For decades, the management of vasodilatory shock, especially septic shock, has been anchored to achieving a mean arterial pressure (MAP) threshold, typically more than 65mmHg. While this target remains a current guideline recommendation (Evans et al. 2021), real-world practice has been shown to often exceed this threshold (White et al. 2025). In addition, clinicians perceive lower MAP targets as less acceptable for patients with pre-existing hypertension and acute kidney injury (Young et al. 2025).  This clinical reasoning, however, does not fully account for the core pathophysiology of septic shock, which is characterised by impaired autoregulation, heterogeneous microcirculatory flow, and profound metabolic dysfunction.

 

Trials investigating higher MAP targets (>75-80mmHg) have shown no mortality benefit and likely harm, potentially via catecholamine-induced toxicity. Evidence from recent randomised controlled trials (Endo et al. 2025) and an updated meta-analysis (Mendes et al. 2025) demonstrates that higher pressure targets can significantly increase mortality without benefiting any subgroup, including the elderly and those with chronic hypertension. This narrative review therefore aims to reconcile bedside habits with contemporary evidence. It summarises the data demonstrating the harm of universally pursuing higher MAP targets, suggests the pathophysiological rationale for this harm, and consolidates the emerging evidence base for a personalised framework.

 

Rethinking the Goal of Resuscitation

The fundamental objective of shock resuscitation is to restore adequate blood flow and oxygen delivery to tissues, not merely to normalise an arterial pressure value. Yet, in daily practice, blood pressure remains the most visible and easily measurable variable, often shaping bedside decision-making beyond its important albeit limited physiological significance. This clinical practice is not new; since the 1930s blood pressure became an important target because it was readily measurable, whereas blood flow was not (Dünser et al. 2013).

 

Perfusion depends on the gradient between arterial and venous pressures, tissue metabolic demand and the rheological properties of blood. However, arterial pressure and systemic blood flow are often poorly correlated during critical illness (Wo et al. 1993), with similarly inconsistent coupling at the microcirculatory level (De Backer et al. 2002; Lima et al. 2011). Renal perfusion exemplifies this principle; it depends on the gradient between arterial inflow and venous outflow, not MAP alone, and thereby venous congestion can impair renal blood flow even when MAP appears adequate (Panwar et al. 2025).

 

The Evolving Evidence Against Universal High MAP Targets

The chronology of evidence against universal high MAP targets reveals a consistent story of a promising hypothesis being systematically disproven. The SEPSISPAM (Asfar et al. 2014) was the first large-scale, randomised controlled trial to evaluate high-MAP directly. It showed no survival advantage for a MAP target of 80-85 mmHg compared to 65-70 mmHg but revealed a higher rate of atrial fibrillation in the high-MAP group. Subsequent studies, such as the 65 trial (Lamontagne et al. 2020), did not observe statistically significant benefits from a permissive hypotensive approach in older patients, though it importantly suggested the safety of a lower target. More recently, the OPTPRESS (Endo et al. 2025) yielded an increased 90-day mortality with higher targets in older patients, with no discernible benefit for those with a history of hypertension, the very subgroup in which benefit was most anticipated.

 

A recent updated meta-analysis by our group (Mendes et al. 2025) of RCTs in MAP targets in vasodilatory shock showed a 10% relative risk increase in 28-day mortality (95% CI 1.01-1.19; P=0.03) with the universal use of higher MAPs (75-85 mmHg).

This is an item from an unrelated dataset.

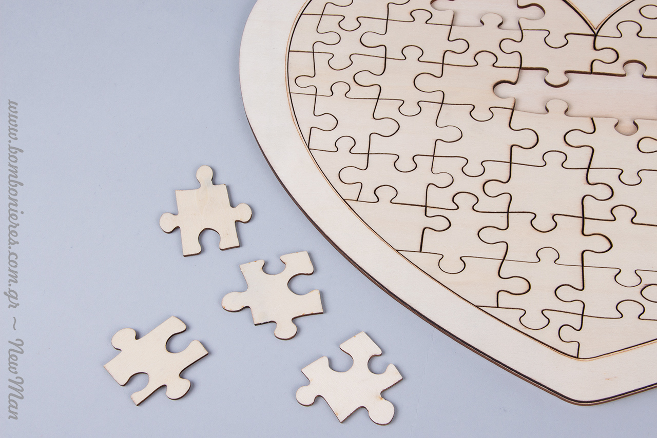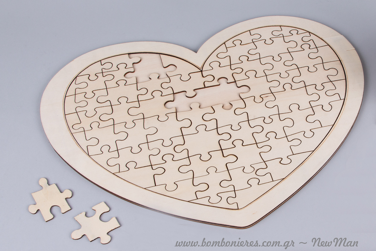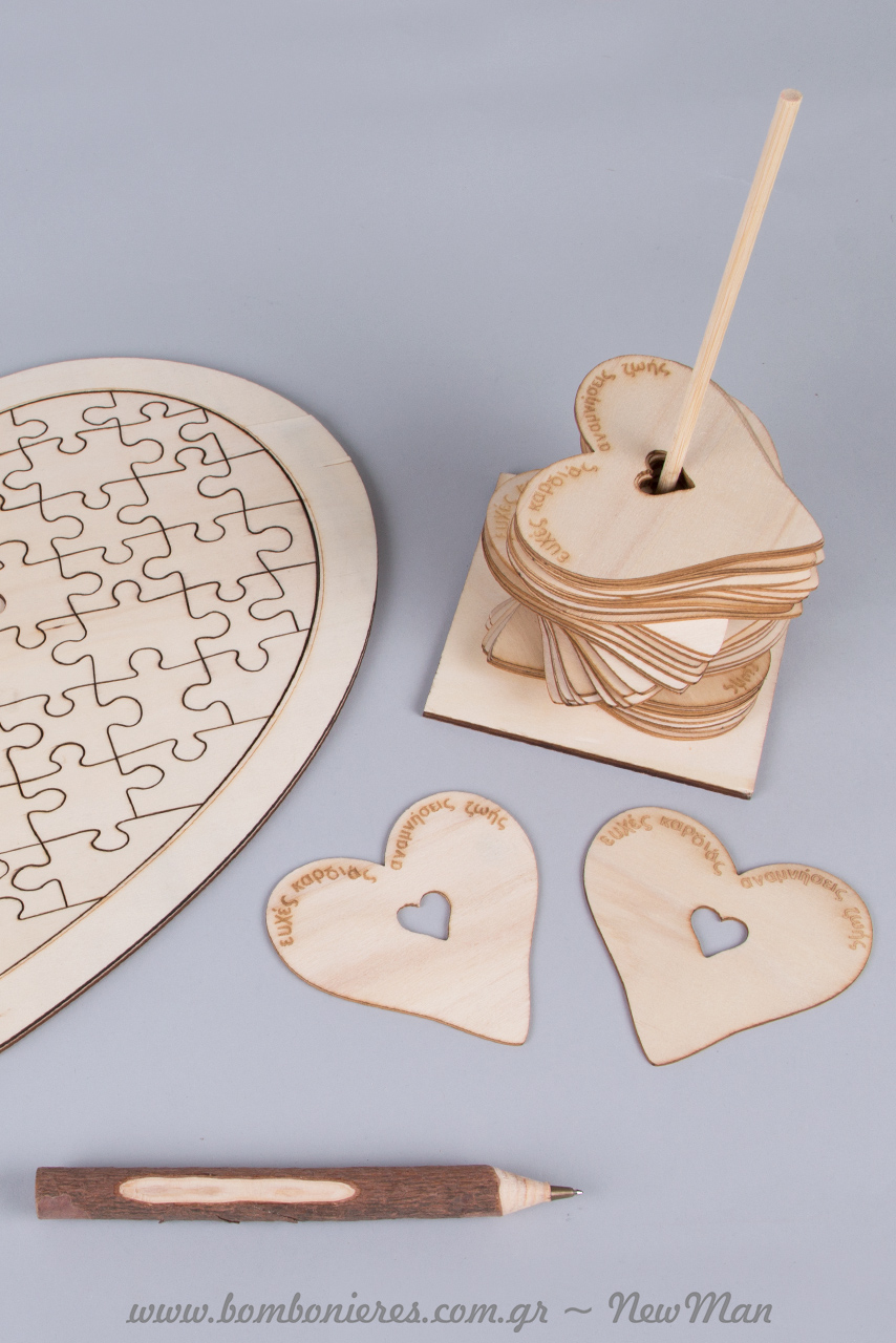Ξύλινο ευχολόγιο σε σχήμα καρδιάς με κομμάτια παζλ (222951) και ξύλινες καρδιές για ευχές από καρδιάς (074080) που θα αποτελέσουν αναμνήσεις ζωής για εσάς και τον/την καλό/η σας.

Bayesian analysis indicated a 98.7% posterior probability of harm for 90-day mortality. Crucially, the higher targets conferred no advantage in any predefined subgroup, including those ≥65 years or with chronic hypertension (Mendes et al. 2025)

 

When synthesised, these trials reveal a remarkably aligned pattern: a blanket adoption of MAP targets above the 60-70 mmHg threshold does not improve outcomes and may be associated with harm. Mortality appears increased, there is no meaningful improvement in organ dysfunction (e.g., no reduction in renal replacement therapy-free days) and the incidence of atrial fibrillation and other catecholamine-related complications is increased.

 

The Hidden Cost: Vasopressor Toxicity and Intravenous Fluids

Pursuing high MAP targets incurs a significant cost by means of escalating catecholamine exposure and intravenous fluid administration. Achieving a MAP of 80-85 mmHg often requires from 35 to 110% more noradrenaline (Mendes et al. 2025), which amplifies myocardial oxygen consumption and arrhythmogenic potential (Andreis and Singer 2016).

 

Beyond these cardiovascular effects, catecholamines may trigger endothelial dysfunction, activate coagulation pathways (Ostrowski et al. 2013) and induce immunosuppression (Stolk et al. 2016), mechanisms that can translate into higher rates of organ failure and mortality (Roberts et al. 2020). Excessive adrenergic stimulation impairs mitochondrial respiration, increases oxidative stress and promotes regional hypoperfusion despite preserved systemic pressure (Lopez Garcia de Lomana et al. 2022). Overall, the idea that pursuing higher blood pressure via exogenous catecholamines improves microcirculatory perfusion-oxygenation is questionable (Boerma and Ince 2010).

 

Therefore, alongside evidence-based definition of MAP targets, catecholamine-sparing strategies are warranted. A potential strategy is the adjuvant use of vasopressin, which has been shown to reduce  norepinephrine requirements in septic shock (Lajoye et al. 2025). While the evidence of mortality benefit is more nuanced (inconclusive evidence from landmark RCTs including the VANISH (Gordon et al. 2016) and VASST (Russell et al. 2008) trials), computer emulations suggest that early administration of vasopressin may be associated with a modest reduction in mortality, particularly when initiated at lower norepinephrine doses (<0.25 µg/kg/min) and earlier in the course of shock (Kalimouttou et al. 2025). This aligns with findings from Australian (White et al. 2024) and USA (Sacha et al. 2025) multicentre retrospective cohorts that suggest time-dependent benefit from its use. Small physiological studies further suggest that vasopressin may enhance sublingual microcirculatory indices primarily in patients already receiving norepinephrine doses, once again implying that its beneficial effects may stem from catecholamine sparing rather than direct microvascular recruitment (Nascente et al. 2017).

 

Another risk associated with the pursuit of a higher MAP target is excessive fluid loading. In septic shock, intravenous fluids can paradoxically worsen haemodynamic status and impair perfusion despite transient increases in cardiac output (Byrne et al. 2018). Large boluses raise venous pressures and lead to interstitial oedema, thereby reducing the microvascular driving gradient even when MAP improves (Byrne and Van Haren 2017). Experimental and clinical data indicate that fluid-induced increases in CO often coincide with reduced systemic vascular resistance, underpinning why MAP augmentation is modest and typically short-lived (van Haren et al. 2019).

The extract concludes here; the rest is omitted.